Going beyond the provisioning of digitally enabled products to create interlocking families of synergistic offerings can be a powerful force for growing and sustaining businesses. But what exactly should these offerings comprise of?

Customer-facing IT typically encompasses IT services that drive or play a significant role in the digital transformation of products, services, and experiences consumed by a business’s external customers.

This includes fully digital products and services, ranging from educational and entertainment to business intelligence and advice, as well as digitally enhanced offerings that combine physical products with digital enhancements to enrich their capabilities and the experiences they provide.

But there is also growing demand to develop digitally derived products and services that use big data and analytics to transform machine-generated data into useful intelligence.
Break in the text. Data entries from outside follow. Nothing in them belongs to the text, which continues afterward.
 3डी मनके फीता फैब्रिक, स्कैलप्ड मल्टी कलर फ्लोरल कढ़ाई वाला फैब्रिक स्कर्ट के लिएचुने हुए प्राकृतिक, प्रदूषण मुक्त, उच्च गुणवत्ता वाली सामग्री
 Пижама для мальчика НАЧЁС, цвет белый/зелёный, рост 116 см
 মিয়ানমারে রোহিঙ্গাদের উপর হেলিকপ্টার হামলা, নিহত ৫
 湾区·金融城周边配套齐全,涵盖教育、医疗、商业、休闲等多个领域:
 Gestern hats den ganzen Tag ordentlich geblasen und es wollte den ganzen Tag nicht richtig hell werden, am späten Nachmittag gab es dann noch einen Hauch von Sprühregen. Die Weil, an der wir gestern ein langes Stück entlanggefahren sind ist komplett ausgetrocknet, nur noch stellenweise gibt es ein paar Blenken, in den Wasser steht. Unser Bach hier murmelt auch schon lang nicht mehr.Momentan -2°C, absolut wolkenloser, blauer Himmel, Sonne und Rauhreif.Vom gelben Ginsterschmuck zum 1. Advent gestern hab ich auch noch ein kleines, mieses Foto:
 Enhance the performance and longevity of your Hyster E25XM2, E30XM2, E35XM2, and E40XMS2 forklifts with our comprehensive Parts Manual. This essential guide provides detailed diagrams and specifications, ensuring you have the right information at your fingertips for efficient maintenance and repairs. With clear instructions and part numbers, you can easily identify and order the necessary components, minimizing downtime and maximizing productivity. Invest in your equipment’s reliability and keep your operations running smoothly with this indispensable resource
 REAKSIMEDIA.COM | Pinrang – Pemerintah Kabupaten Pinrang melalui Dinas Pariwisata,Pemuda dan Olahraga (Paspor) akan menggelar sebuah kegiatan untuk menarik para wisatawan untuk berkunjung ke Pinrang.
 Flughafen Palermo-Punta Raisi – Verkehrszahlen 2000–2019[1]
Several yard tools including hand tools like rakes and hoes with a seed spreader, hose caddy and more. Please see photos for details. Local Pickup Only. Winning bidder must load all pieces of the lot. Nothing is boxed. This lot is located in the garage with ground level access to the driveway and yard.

And beyond that, we have omni-channel marketing and customer experience management geared towards the creation of seamless and engaging experiences across all channels and devices.
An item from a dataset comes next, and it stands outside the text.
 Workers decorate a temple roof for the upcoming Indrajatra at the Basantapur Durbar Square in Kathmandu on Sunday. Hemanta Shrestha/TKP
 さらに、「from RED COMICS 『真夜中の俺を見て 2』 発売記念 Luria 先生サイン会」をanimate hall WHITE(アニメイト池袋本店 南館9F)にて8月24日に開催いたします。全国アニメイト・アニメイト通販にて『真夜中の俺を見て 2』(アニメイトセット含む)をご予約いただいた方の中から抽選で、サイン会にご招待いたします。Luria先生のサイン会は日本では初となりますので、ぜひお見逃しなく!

When it comes to ecosystem-facing IT, this is made up of services that enable connectivity and interaction with the business ecosystems of customers, partners, and other stakeholders; for example, enabling external developers to create next-generation applications that extend or otherwise add value to the business’s offerings.

Further to this, there are opportunities to create innovation harvesting tools that leverage external innovation and talent from partners, customers, crowdsourcing, freelancers, and on-demand workers, as well as services that facilitate intra- and extra-enterprise collaboration connecting with partners that supply content, analytics, and services that help create “whole products”.
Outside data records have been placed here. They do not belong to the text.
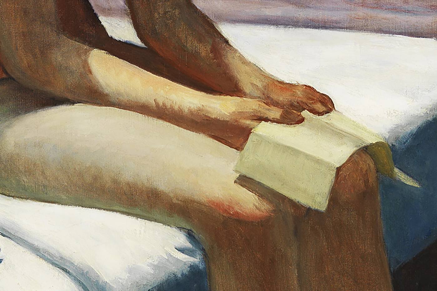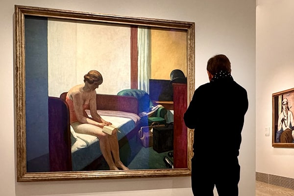 Hopper serait-il donc le Vermeer du XXème siècle ? Les similitudes dans ses sujets de prédilection, ses personnages, les scénographies sont nombreuses. Hopper présente ici cette femme dans un intérieur silencieux, banal et triste, sans vue extérieure, la lumière est froide, artificielle, la composition est géométrique, faite de grands aplats, il y a un rideau mais pas de fenêtre. Assise sur le lit, elle est entourée d’objets personnels, chapeau, foulard, valises, chaussures, laissés là à la va-vite. Elle s’est déshabillée, fatiguée du voyage, il fait chaud, elle est seule dans sa chambre, aucune émotion sur son visage, la tête penchée en avant, elle tient à deux mains, comme la jeune fille de Vermeer, ce que l’on sait être un indicateur de chemin de fer. Elle qui vient d’arriver veut-elle, doit-elle, déjà partir ? Pourquoi ? Qu’a-t-elle appris d’important ? Rien de joyeux sans doute. Elle ne défera pas ses valises, peut-être pas même son lit. Voudra-t-elle attraper le train de 23h04 pour s’en retourner chez elle ? Il peut y avoir tant de scénarios possibles. Chacun de nous peut inventer le sien. Car c’est là que réside le cœur de l’intention de l’artiste, dépeindre une situation ambiguë, d’aspect simple mais réellement complexe, archétypale, pour nous mettre, nous voyeurs extérieurs mais aussi acteurs potentiels, face aux aléas de la vie.
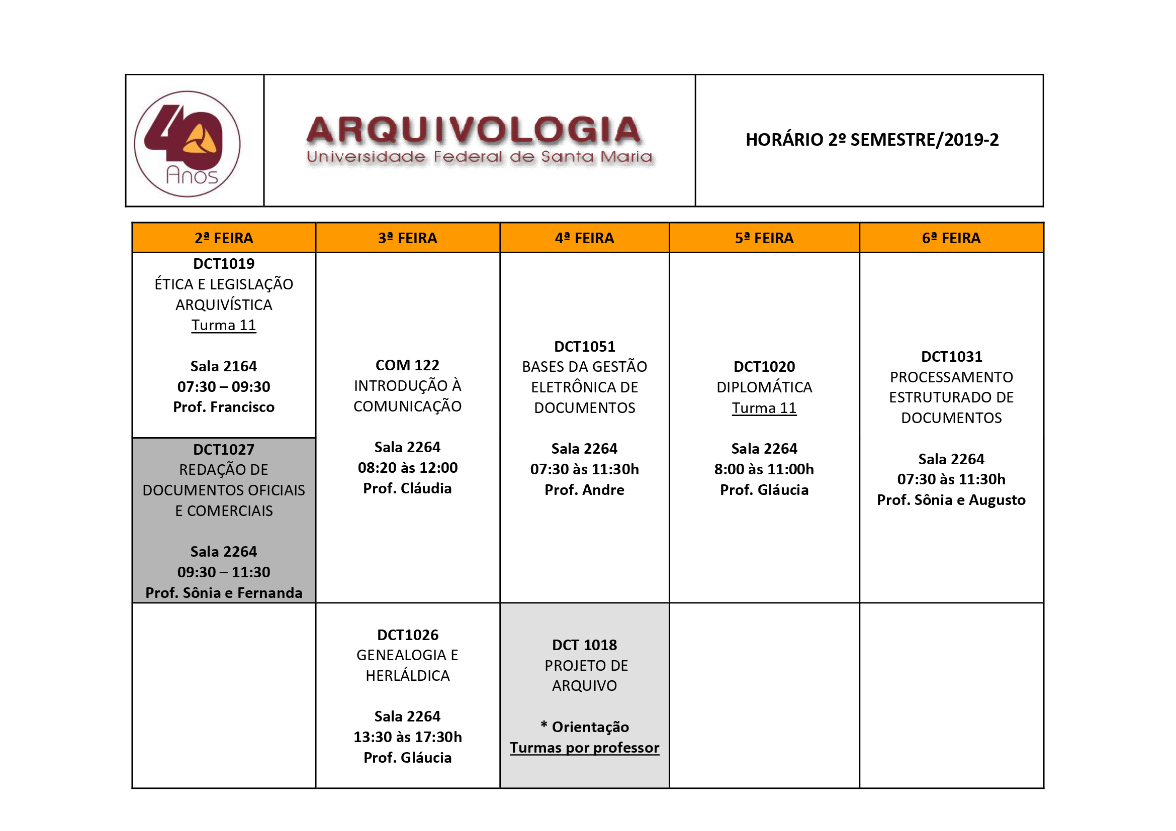 Grade de Horários 2º Semestre de 2019.
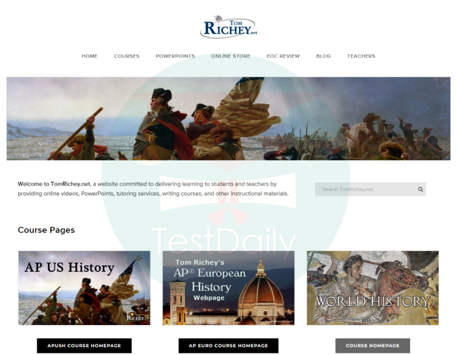 网址: https://www.tomrichey.net/ap-european-history.html 学生在网站中可以观看考试内容及方法的复习视频。这些视频可以作为 课外的拓展延伸 学习。虽然部分页面需要付费,但是大部分内容都是免费的。
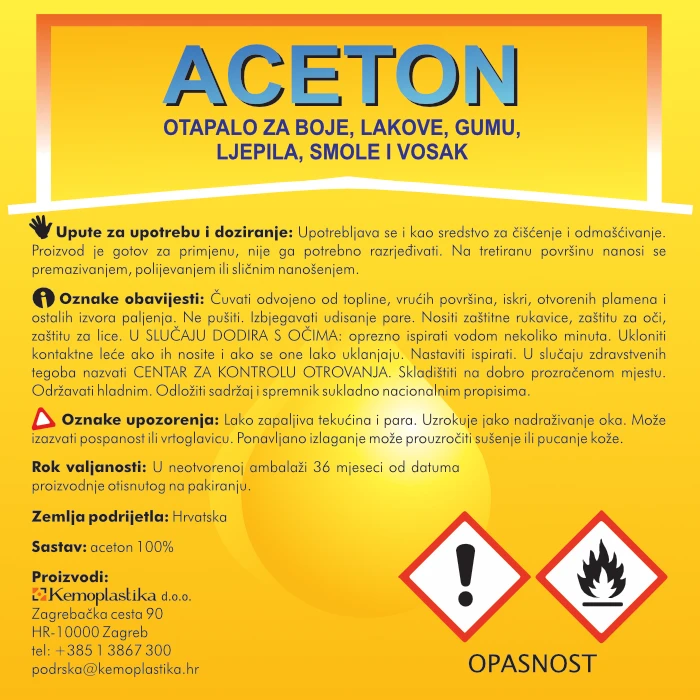Sukladno članku 5. stavku 2. Zakona o provedbi Uredbe (EU) 2019/1148 Europskog parlamenta i vijeća od 20. lipnja 2019. o stavljanju na tržište i uporabi prekursora eksploziva te izmjeni Uredbe (EZ) br. 1907/2006 i stavljanju izvan snage Uredbe (EU) br. 98/2013 (NN 34/21) dužni smo Vas obavijestiti da su nabava, uvođenje, posjedovanje ili uporaba acetona od strane pojedinačnih korisnika podložni obvezama prijave iz članka 9. Uredbe (EU) 2019/1148.
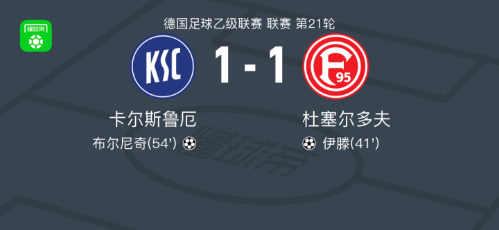 北京时间2月8日德国足球乙级联赛 联赛 第21轮,卡尔斯鲁厄主场对阵杜塞尔多夫。卡尔斯鲁厄布尔尼奇破门。杜塞尔多夫伊滕破门。最终比分卡尔斯鲁厄 1-1 杜塞尔多夫。

And further still, there is scope for ecosystem integration solutions that enable the organisation to sense and respond to external ecosystem changes, all while interacting with — and ultimately influencing — the broader ecosystem’s stakeholders.

In order for the development of such services to flourish, organisations must look to break with tradition and run their IT departments as businesses. Business is about making money for a company’s stakeholders, or satisfying the needs of a nonprofit’s constituents, and IT should no longer be immune to the laws of supply and demand.

IT must either compete or partner with a powerful contingent of 3rd Platform providers in the multiple layers of ecosystem-facing, customer-facing, and enterprise business services. Responding to these challenges requires organisations to redefine the IT business model, break away from running IT as an overhead technology cost centre, and restart the IT business as a competitive service business.

The rapid acceptance and deployment of the third platform as the gateway to digital transformation is now driving an urgency in better understanding how IT is or is not succeeding. IT’s line-of-business customers are demanding the high visibility and behavioural change within IT needed to target critical business outcomes that drive sustained competitive advantage by the enterprise.

Critical to this new IT business model is empowering a new consumption-based financial model that can best determine how to spend on technology. Digital transformation weeds out weaknesses in central IT organisations.

Management teams that demonstrate strong entrepreneurial leadership to redefine IT as a service business — with a strong emphasis on IT financial management — will be able to create competitive advantage for their internal customers.

While customer- and ecosystem-facing IT both comprise IT services that enable and support the digital transformation of products, services, and business ecosystems, the IT department itself will usually not “own” the full scope of digital transformation initiatives.

Instead, customer-facing digital transformation is an enterprise-wide strategy that leverages the talent and competencies across the organisation and from top to bottom, including IT. IT services must therefore be conceived and created in the context of an overarching enterprise vision for digital transformation.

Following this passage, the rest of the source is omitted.